** SOURCE MATERIAL **
________________________
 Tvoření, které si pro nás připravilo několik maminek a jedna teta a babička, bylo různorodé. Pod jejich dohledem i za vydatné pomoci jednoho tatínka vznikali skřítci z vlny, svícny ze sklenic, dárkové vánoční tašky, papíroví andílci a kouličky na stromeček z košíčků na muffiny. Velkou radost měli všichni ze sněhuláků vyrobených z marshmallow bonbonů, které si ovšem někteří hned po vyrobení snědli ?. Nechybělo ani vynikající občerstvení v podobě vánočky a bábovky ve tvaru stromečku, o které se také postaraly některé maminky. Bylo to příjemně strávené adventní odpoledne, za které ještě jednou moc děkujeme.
________________________
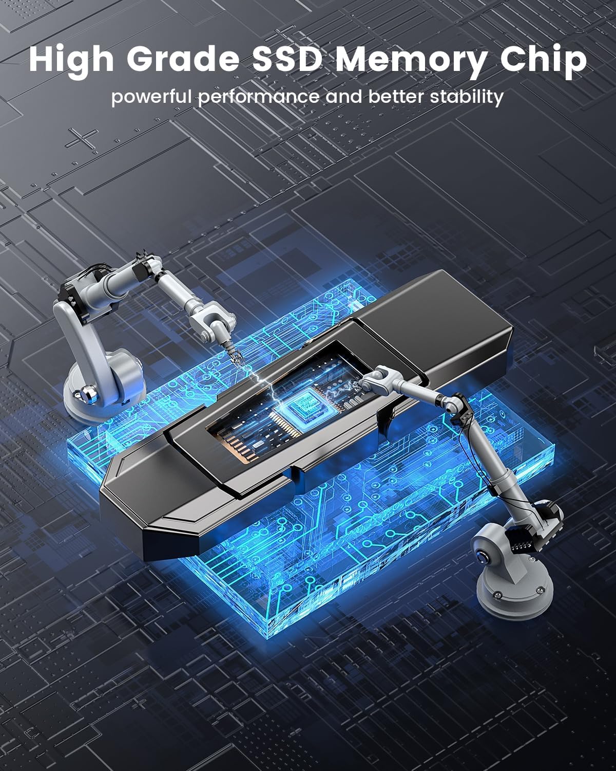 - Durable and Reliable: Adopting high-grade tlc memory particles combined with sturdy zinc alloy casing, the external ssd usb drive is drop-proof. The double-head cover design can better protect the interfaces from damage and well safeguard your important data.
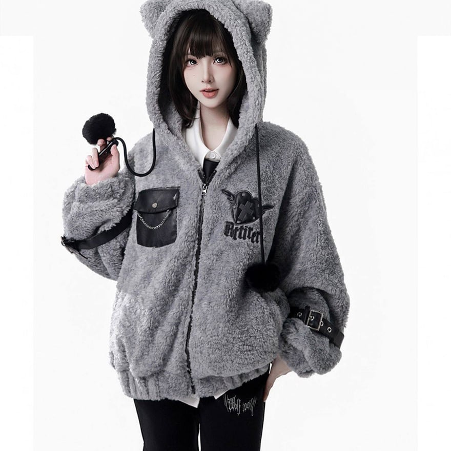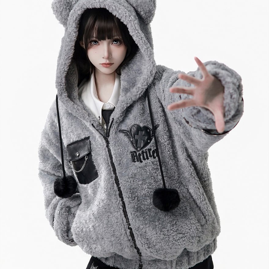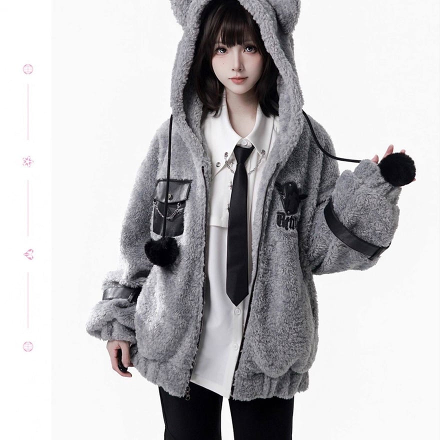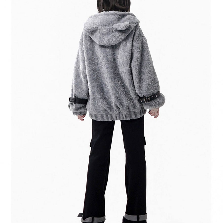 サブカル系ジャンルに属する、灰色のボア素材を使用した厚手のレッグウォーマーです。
________________________
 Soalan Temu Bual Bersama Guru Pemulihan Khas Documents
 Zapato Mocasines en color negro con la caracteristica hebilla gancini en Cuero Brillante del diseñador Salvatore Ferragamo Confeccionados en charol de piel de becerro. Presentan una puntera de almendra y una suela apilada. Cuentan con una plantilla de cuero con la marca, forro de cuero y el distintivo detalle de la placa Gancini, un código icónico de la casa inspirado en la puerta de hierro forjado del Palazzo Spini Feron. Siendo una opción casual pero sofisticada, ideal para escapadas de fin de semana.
________________________
** PROMPT **
To complete this exercise, transcribe exactly the lines above from the one that holds "- Durable and" through the one that holds "サブカル系ジャンルに属する、". Pictures stay out.

** THE COMPLETED TASK **
 - Durable and Reliable: Adopting high-grade tlc memory particles combined with sturdy zinc alloy casing, the external ssd usb drive is drop-proof. The double-head cover design can better protect the interfaces from damage and well safeguard your important data.
 サブカル系ジャンルに属する、灰色のボア素材を使用した厚手のレッグウォーマーです。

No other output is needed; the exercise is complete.